"RBI's use of interest rates and money supply to control inflation and support economic growth"

Monetary policy refers to the actions undertaken by a central bank (RBI in India) to control the money supply, credit availability, and interest rates in an economy. The primary objective under the current framework is inflation targeting — maintaining CPI inflation at 4% (±2%). The Monetary Policy Committee (MPC) meets every two months to decide on the repo rate.

A frequently tested topic in GS3 (Economy). Questions appear on inflation targeting, repo rate changes, MPC composition, transmission mechanism, and the balance between growth and inflation control.

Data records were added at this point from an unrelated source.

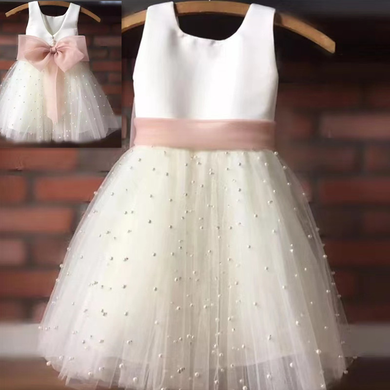 Kids Pearls Tulle Pageant Skirt Flower Girl Dress Chiffon Bow Sashes First Communion Clothing For Little Baby Princess Custom
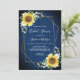 Estes convites de chá de panela apresentam um girassol floral de cor aquática e flores brancas design com um quadro geométrico dourado falso sobre um fundo de grãos de madeira azul marinho. Personalize-os com o seu próprio texto. Visite nossa loja para ver a gama de cheios de produtos correspondentes que você pode personalizar para o seu casamento.
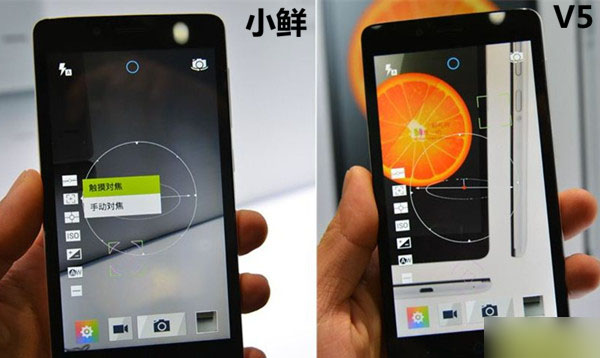 摄像头上,V5拥有前置500万后置1300万像素摄像头,而小鲜则是双800万摄像头。
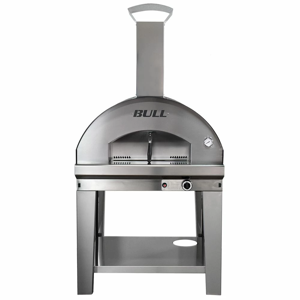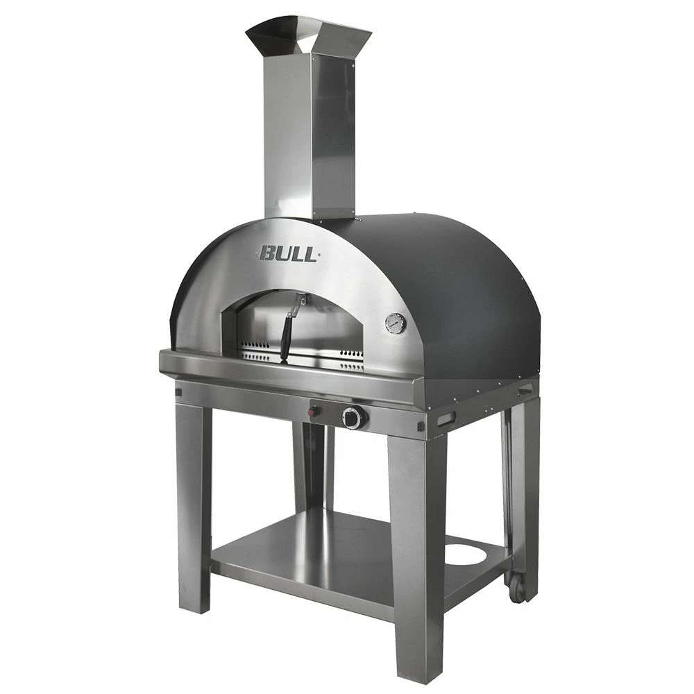 Bull BG-7765x Extra Large Gas Fired Italian Pizza Oven on Cart provides a high quality pizza cooking option to enhance your outdoor cooking and entertainment area. The XL On-Cart Pizza Oven is Italian-made and constructed from high grade 441 stainless steel to ensure durability and longevity and only requires 10 to 15 minutes to preheat. With a solid weld construction and rock base insulation, this pizza oven is as tough as they come and will not break down over time. The convenient slide out handles and caster wheels allow for easy mobility and placement for a perfect fit as part of your outdoor living area. The food-grade cooking stones help maintain intense heat and even heat distribution. With a portable profile and easy setup, the Bull pizza oven adds more versatility to your outdoor kitchen and is sure to keep your friends and family coming back for more.
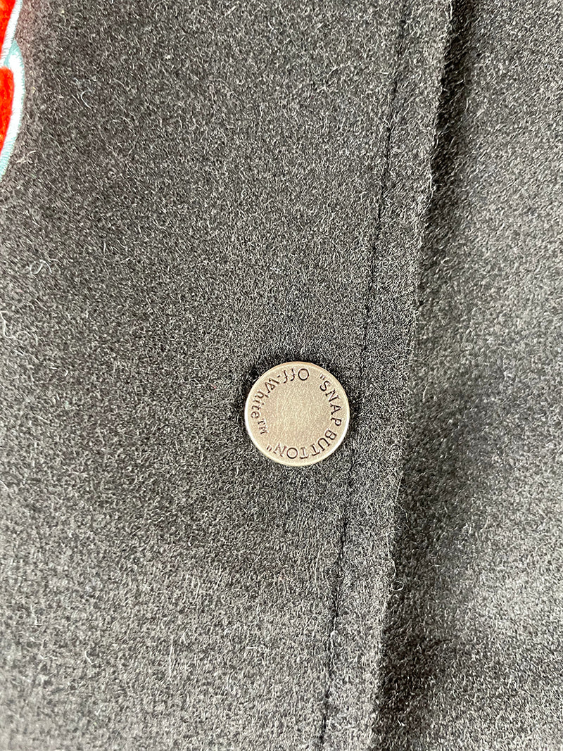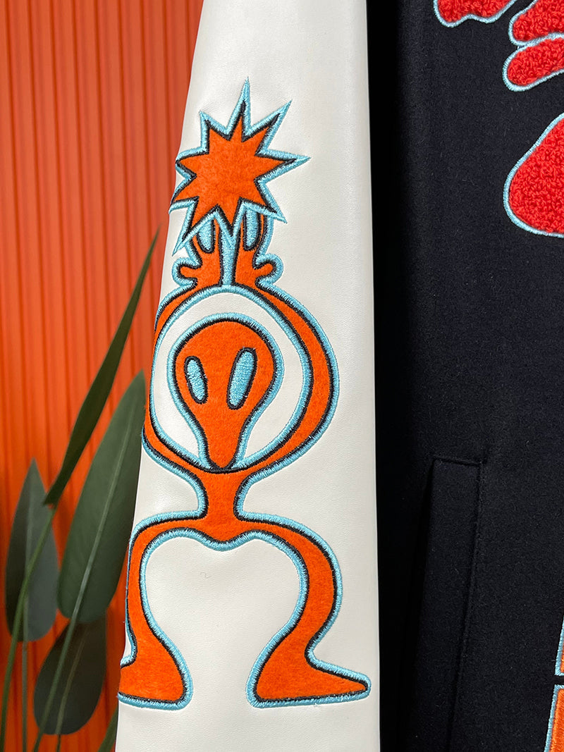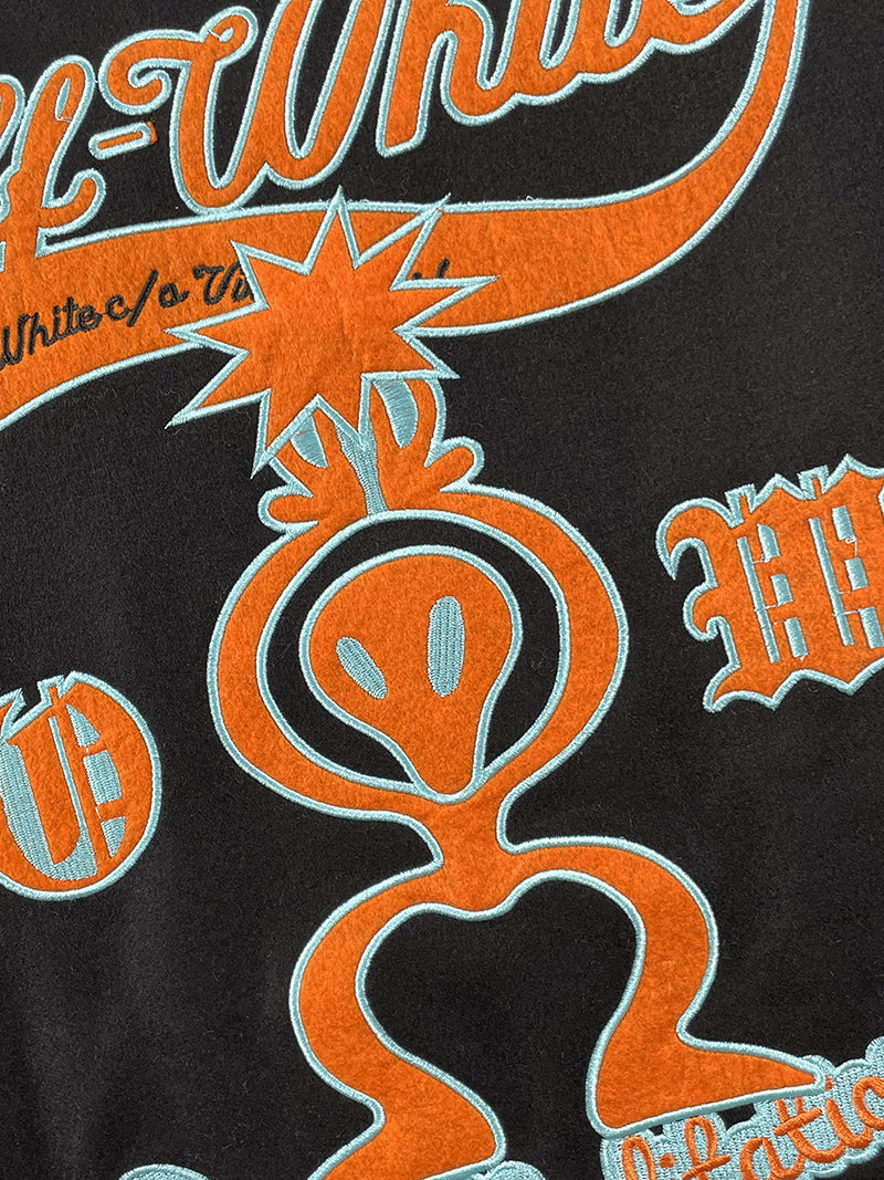 OFF-WHITE GRAPHICS LEATHER VARSITY JACKET Black Orange
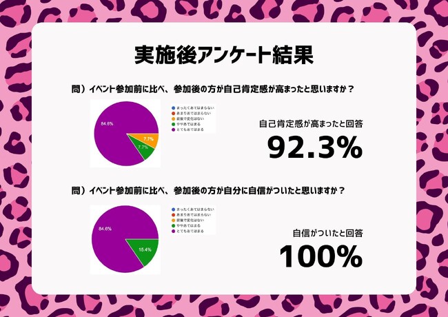 イベント後に実施したアンケートでは、「イベント参加前に比べ、参加後の方が自己肯定感が高まったと思いますか?」という質問に対し、「高まった」と回答した人は92.3%という結果に。「自信がついたと思いますか?」に対しては、「自信がついた」と回答した人は100%とポジティブな回答をいただきました。

  • 1 MPC has 6 members — 3 RBI officials (including Governor) + 3 external members appointed by Govt.
  • 2 Repo Rate — rate at which RBI lends to commercial banks (key policy rate)
  • 3 Reverse Repo Rate — rate at which RBI borrows from commercial banks
  • 4 CRR (Cash Reserve Ratio) — portion of deposits banks must keep with RBI
  • 5 SLR (Statutory Liquidity Ratio) — portion banks must maintain in liquid assets
  • 6 Inflation targeting framework adopted in 2016 under FRBM Amendment
When RBI raises the repo rate, borrowing becomes expensive for banks, which pass this on as higher EMIs, reducing consumer spending and cooling inflation.